Human activated CD8 T cells were left untreated or pretreated with IL-12 for 24 h (50 ng/mL). Cells were then washed and stimulated for various times using 3 μg/mL of crosslinked anti-CD3. Then the phosphorylation of signaling molecules was assessed in whole cell lysates by immunoblotting as described in the materials and methods section. Results were normalized to GAPDH and the maximal level of activation of no cytokine cells. Data are shown as (A and C) representative blots and (B and D) mean ± SEM of normalized results of three separate donors. Data were analyzed with two-tail, unpaired Student's t test. *p<0.05; **p<0.01; ***p<0.001; n.s.=not significant.

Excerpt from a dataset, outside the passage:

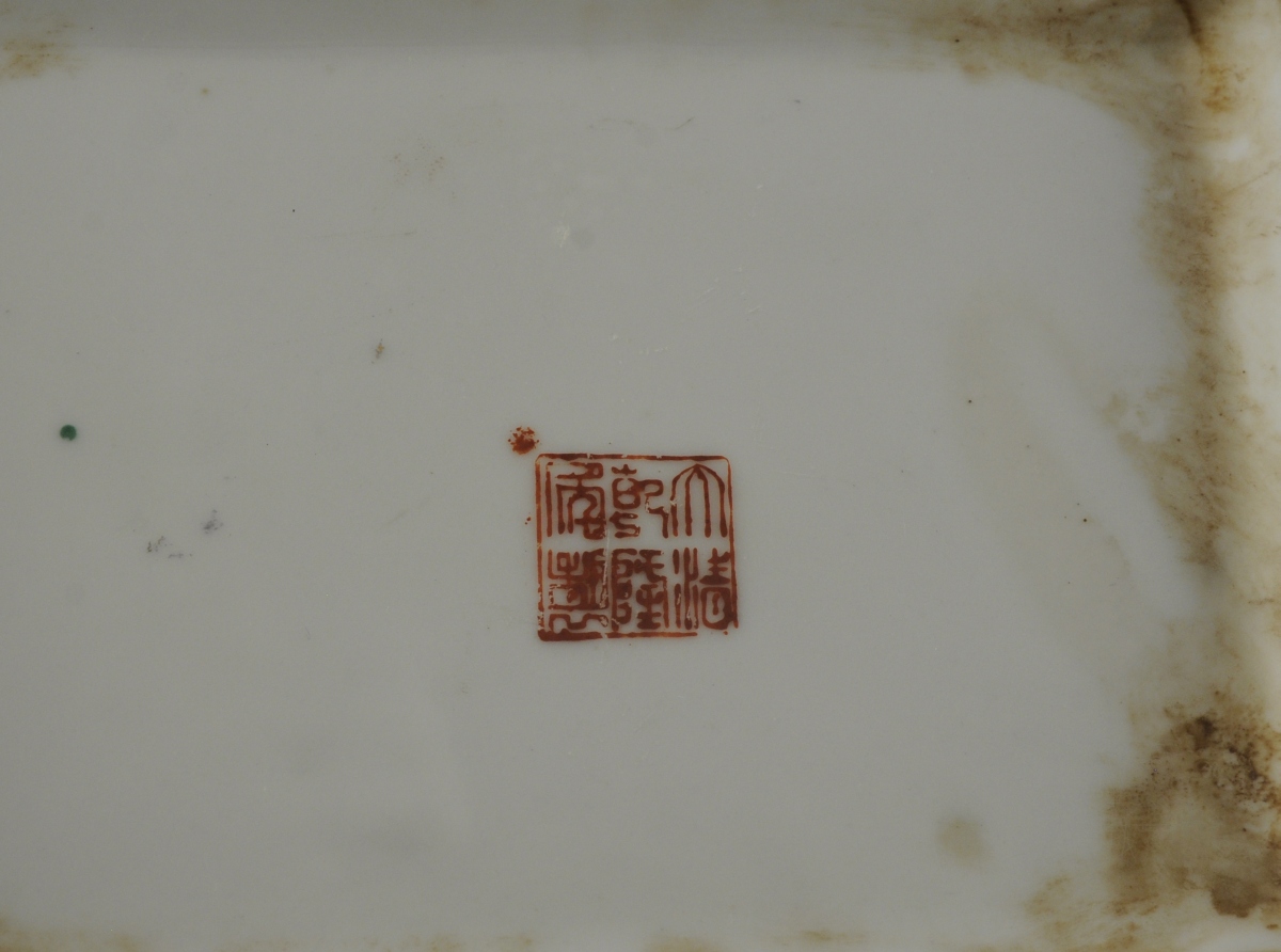 VASE en porcelaine à décor polychrome de chasseurs sur fond de paysage, dans le goût de la Compagnie des Indes. Anses décorées de grenades. Chine, XXème. Haut. 35 cm.

LCK and FYN phosphorylate ITAMs on the CD3 subunits of the TCR. The full phosphorylation of the ITAMs promotes the recruitment of ZAP-70 to the TCR, where it is activated and phosphorylated by LCK on Y319 [31]. Activated ZAP-70 then phosphorylates the adaptor proteins LAT and SLP-76, inducing downstream signaling events. LAT is phosphorylated on four key tyrosine residues that serve as docking sites for several molecules, such as the phospholipase PLC-γ [31-33]. Once recruited to LAT, PLC-γ is phosphorylated on Y783, leading to its activation and the subsequent release of intracellular calcium and the activation of the protein kinase C (PKC) and MAPK pathways [31, 34]. TCR stimulation also promotes the phosphorylation of SLP-76 on several tyrosine residues [35]. Similarly to LCK and FYN, the TCR-induced phosphorylation of the activating tyrosine on ZAP-70 Y319 was comparable between IL-12 treated and untreated cells (Fig. 7A and B). We also observed that IL-12 pretreated cells and untreated cells had no difference in the kinetics of phosphorylation of TCR-induced LAT Y191, SLP-76 Y128, or PLC-γ Y783 (Fig. 7C and D). Together, these data show that prior exposure to IL-12 does not alter the TCR-induced activation of proximal signaling.

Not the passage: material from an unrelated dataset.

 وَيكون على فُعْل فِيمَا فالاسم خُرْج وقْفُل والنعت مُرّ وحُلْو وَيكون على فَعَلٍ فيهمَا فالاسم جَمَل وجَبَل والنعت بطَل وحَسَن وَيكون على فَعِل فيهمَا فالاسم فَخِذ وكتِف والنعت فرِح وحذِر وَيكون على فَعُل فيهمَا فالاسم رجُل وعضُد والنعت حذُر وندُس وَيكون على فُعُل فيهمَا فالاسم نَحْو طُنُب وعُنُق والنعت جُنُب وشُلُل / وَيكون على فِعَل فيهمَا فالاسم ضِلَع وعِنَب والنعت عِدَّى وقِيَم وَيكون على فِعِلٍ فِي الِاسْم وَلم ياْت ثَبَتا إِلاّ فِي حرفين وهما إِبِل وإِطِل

Phosphorylated SLP-76 directs the recruitment and activation of PI3K, which is an important regulator of downstream molecules like AKT [31, 36, 37]. AKT is phosphorylated on T308 and the phosphorylation of this residue is correlated with its activity [38]. We observed that IL-12 pretreated cells had a trend towards increased phosphorylation of AKT T308 in comparison to untreated cells (Fig. 8A and B). However, the slight IL-12-mediated increase of AKT T308 phosphorylation was variable between donors and it did not reach statistical significance after compiling the data from four different donors (Fig. 8A and B).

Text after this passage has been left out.